Growing up in Aachen, a small city in western Germany famous for its hot springs, I was not especially focused on becoming a biological scientist. I was interested in many other things, including literature and physics. As I completed my undergraduate degree, medicine seemed interesting and varied enough — it involved science, but also patient contact. I enrolled in medical school at Aachen University and became drawn to physiology and biochemistry.
I received part of my clinical training in Edinburgh, Scotland, where I treated a variety of patients, delivered babies in remote villages, and became an expert on single malts. Back in Germany, I did a residency in clinical hematology and oncology and was struck by the limited and often toxic treatment options for cancer patients. A doctoral thesis on drug resistance prompted me to dive into the science of cancer, starting in the lab of [Memorial Sloan Kettering Cancer Center Member Emeritus] Frank Sirotnak, who was developing drugs that would become “trapped” inside cancer cells long enough to trigger the death of the cell, including a new therapy for T cell lymphoma.
I was impressed by the quality of science here and was also exposed to novel scientific approaches by excellent guest speakers. Among them was Scott Lowe, then of Cold Spring Harbor Laboratory, who developed great models of leukemia and lymphoma and used them in genetic and therapeutic studies that immediately appealed to me. I pursued my postdoctoral fellowship in Scott’s lab, studying genetic changes in the development of cancer, how they affect responses to treatment, and how such knowledge might be used to improve cancer therapies.
When it was time to start my own lab, Scott suggested going where scientists were doing work I found exciting. Looking through my stack of journal articles, I realized a lot of those researchers were at Memorial Sloan Kettering. The focus on cancer genetics and its translation into therapies in the CBG Program was unique and exactly what I wanted to study, so I was excited when I was asked to join the faculty. I set up my lab here in 2007.
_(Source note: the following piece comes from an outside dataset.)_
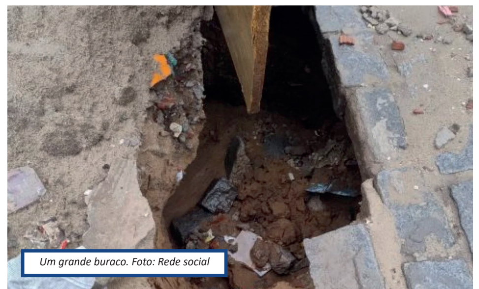
Um grande buraco.

entulhos e lixo acumulados ao redor. A reportagem fez contato com a prefeitura de Cabo Frio, que respondeu o seguinte: "A Prefeitura de Cabo Frio informa que a Secretaria Municipal de Obras e Serviços Públicos vai enviar equipe ao local para verificar a situação e quais as medidas serão adotadas para a solução do problema".

Recent advances in genomics technology have transformed cancer research. We can now do large-scale studies, sequencing every gene in a cell and analyzing other molecular changes. This has produced an avalanche of data and is beginning to shed light on the myriad genetic aberrations that occur in cancer. For example, cancer cells often lose large parts of their chromosomes, silence and mutate several hundred genes, and change the expression of various RNA molecules. Currently, these new data are largely descriptive, and the next challenge is to make sense of it all. Which of these changes are actually driving the cancer? Which are required to maintain cancer cells? And can we then figure out ways to reverse the changes in the form of a new cancer therapy?
My laboratory now focuses on defining biological functions of the most common genetic abnormalities seen in leukemia and lymphoma. We perform genomic analyses on patient samples and use experiments with cell lines and mouse models to identify the most important cancer genes. Once we learn a tumor has targeted a gene to block a signal or shut down a certain pathway, we can investigate whether restoring that lost function could become part of a new therapy.
RNA interference (RNAi) is another revolutionary technology that allows us to silence one gene at a time or screen libraries of RNAi molecules to identify which genes really matter. We can use this technology to identify tumor suppressors — genes whose inactivation can lead to cancer — or turn the tables and use it to learn which genes a cancer cell cannot do without.
A study we published in Cell in October 2011 demonstrates the potential of this approach. [PubMed Abstract] Genomic studies on cells from patients with follicular lymphoma pointed us to a large chromosomal region often lost in lymphomas. Elisa Oricchio, a postdoctoral research fellow in my lab, constructed an RNAi library to ask which genes the lymphoma cells were trying to inactivate by losing part of a chromosome.
She identified the gene EPHA7 as a tumor suppressor and then developed new ways to bring the EPHA7 protein back to the lymphoma cells. This therapy kills lymphoma cells in vitro and in a mouse model, illustrating the promise of combining descriptive tumor genomics with functional genetic screens to produce a possible treatment.
Genomic data on many cancers that are only now becoming available will keep us busy for a while. Clearly, new technologies are developing that we can apply to cancer research, and Sloan Kettering Institute provides an excellent research environment to accomplish this with colleagues who provide new inspiration and complementary expertise.